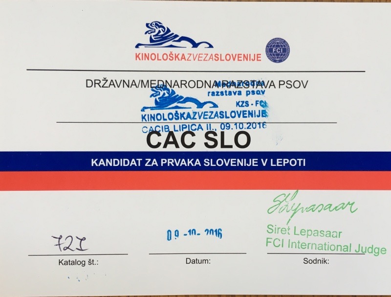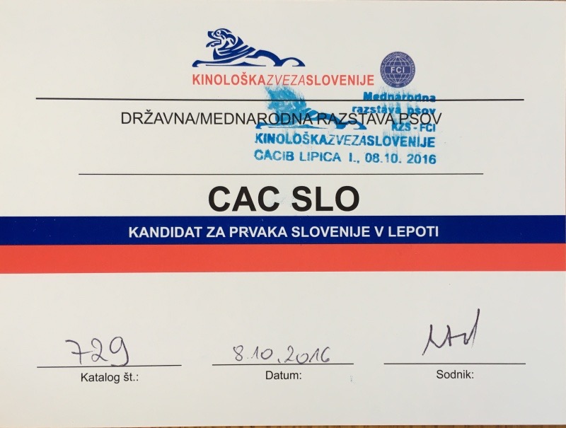 Meggi (Claudie Love GM) opět bodovala na dvoudenní CACIB výstavě v Lipici. V sobotu posuzovala rozhodčí z Estonska paní Siret Lepasaar a Meggi od ní obdržela známku Výbornou 1, CAC. Neděle byla jako přes kopírák – Výborná 1, CAC, jen posuzoval rozhodčí ze Švýcarka pan Laurent Pichard. Škoda, že se teď od 1.1.2016 ve Slovinsku zpřísnily podmínky pro udělení šampiona, protože Meggi už má 4 tituly z této země, ale to je ještě málo, potřebuje titul ze speciální výstavy. Třeba se zadaří příští rok.
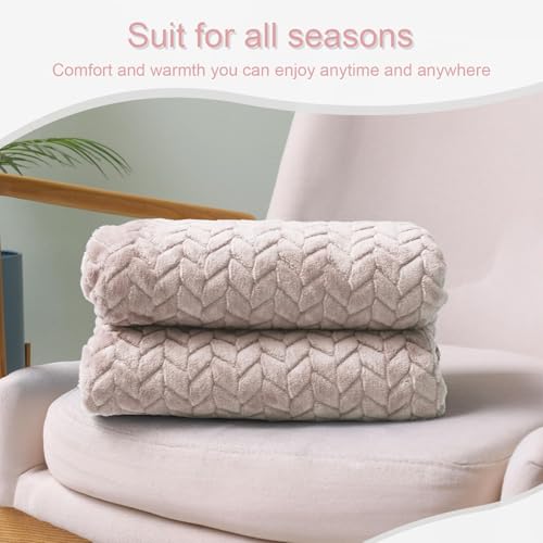 Exclusivo Mezcla Fleece Throw Blanket for Couch and Bed, 127x178 CM Soft Cozy Jacquard Flannel Blankets, Lightweight Fuzzy Plush Warm Throws for All Seasons, Camel
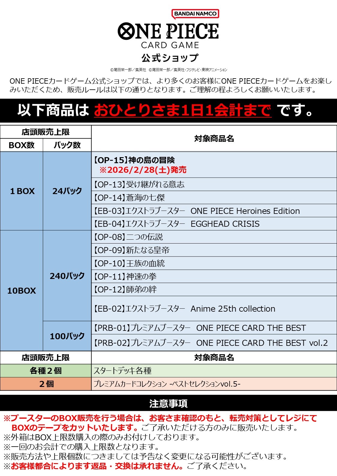 より多くのみなさまにお楽しみいただけるよう、ONE PIECEカードゲーム公式ショップでは一部商品に購入制限を設けております。
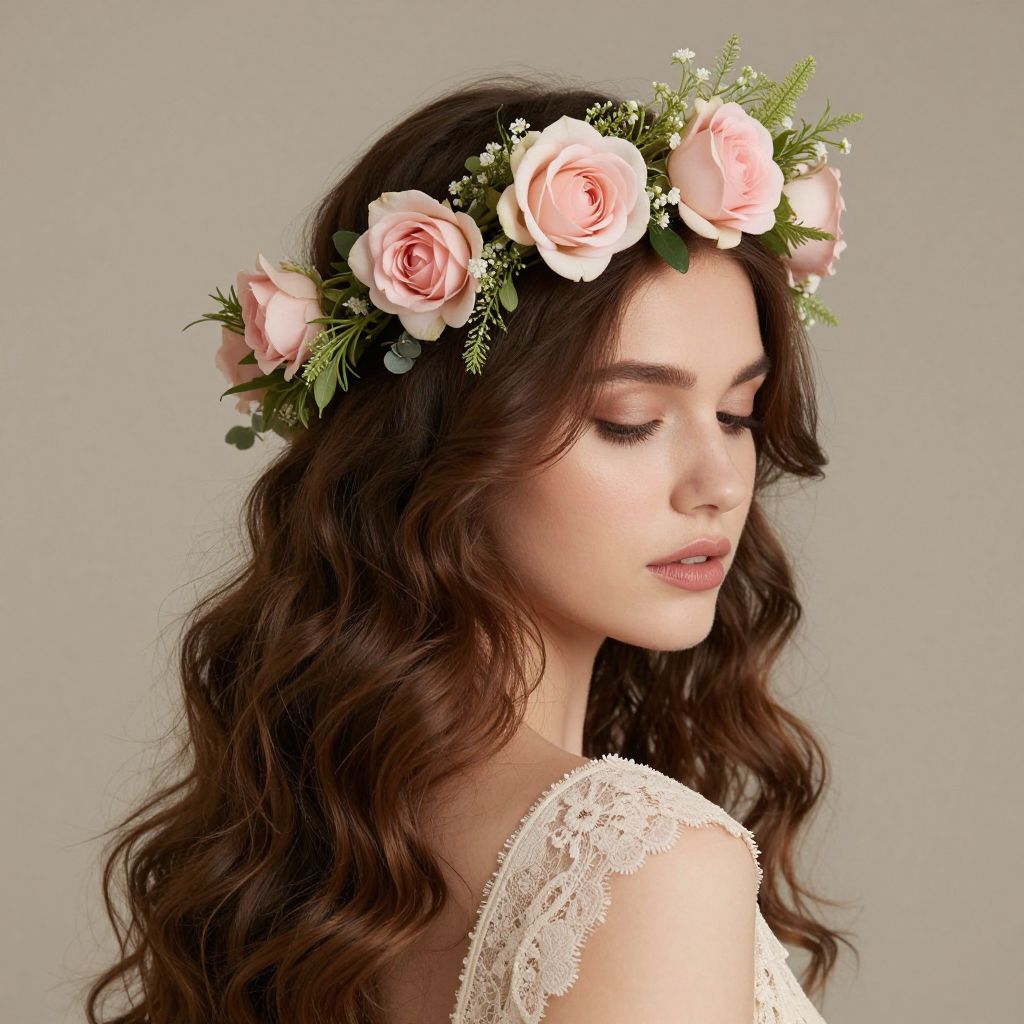 Elegant floral crown adorns a woman's head, featuring soft pink roses and delicate green foliage, complementing her lace-trimmed top and cascading waves of brown hair.
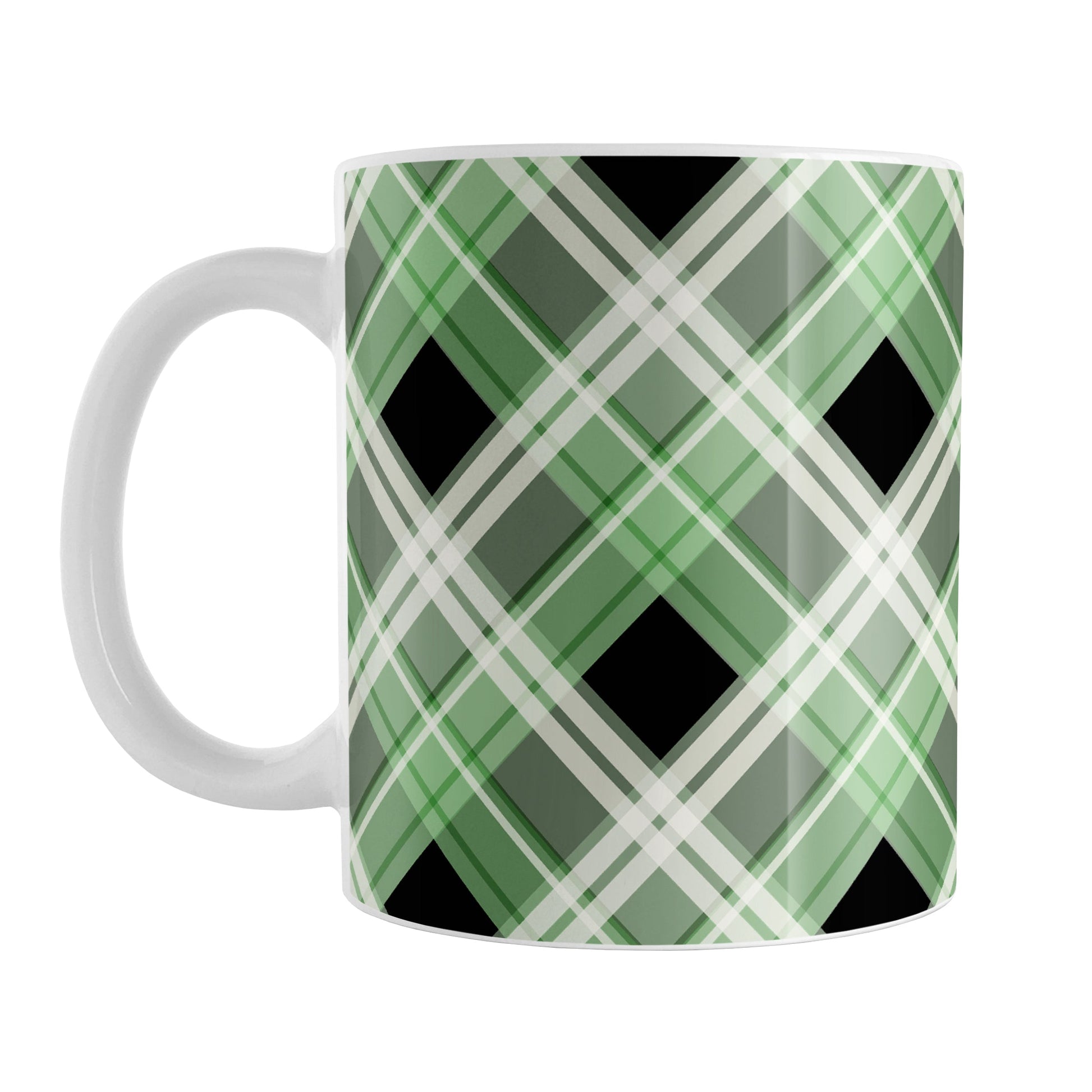 Discover the timeless appeal of our Alternative Green Plaid Mug, featuring a diagonal green, black, and white plaid pattern that wraps around the entire mug up to the handle. This mug is a perfect addition for men and women who enjoy classic designs and love incorporating plaid into their daily drinkware.
****
Exercise requirements =
Give back exactly the lines from the top of the records to the line containing "Exclusivo Mezcla Fleece", both included, and no pictures.

Solution to the problem =
 Meggi (Claudie Love GM) opět bodovala na dvoudenní CACIB výstavě v Lipici. V sobotu posuzovala rozhodčí z Estonska paní Siret Lepasaar a Meggi od ní obdržela známku Výbornou 1, CAC. Neděle byla jako přes kopírák – Výborná 1, CAC, jen posuzoval rozhodčí ze Švýcarka pan Laurent Pichard. Škoda, že se teď od 1.1.2016 ve Slovinsku zpřísnily podmínky pro udělení šampiona, protože Meggi už má 4 tituly z této země, ale to je ještě málo, potřebuje titul ze speciální výstavy. Třeba se zadaří příští rok.
 Exclusivo Mezcla Fleece Throw Blanket for Couch and Bed, 127x178 CM Soft Cozy Jacquard Flannel Blankets, Lightweight Fuzzy Plush Warm Throws for All Seasons, Camel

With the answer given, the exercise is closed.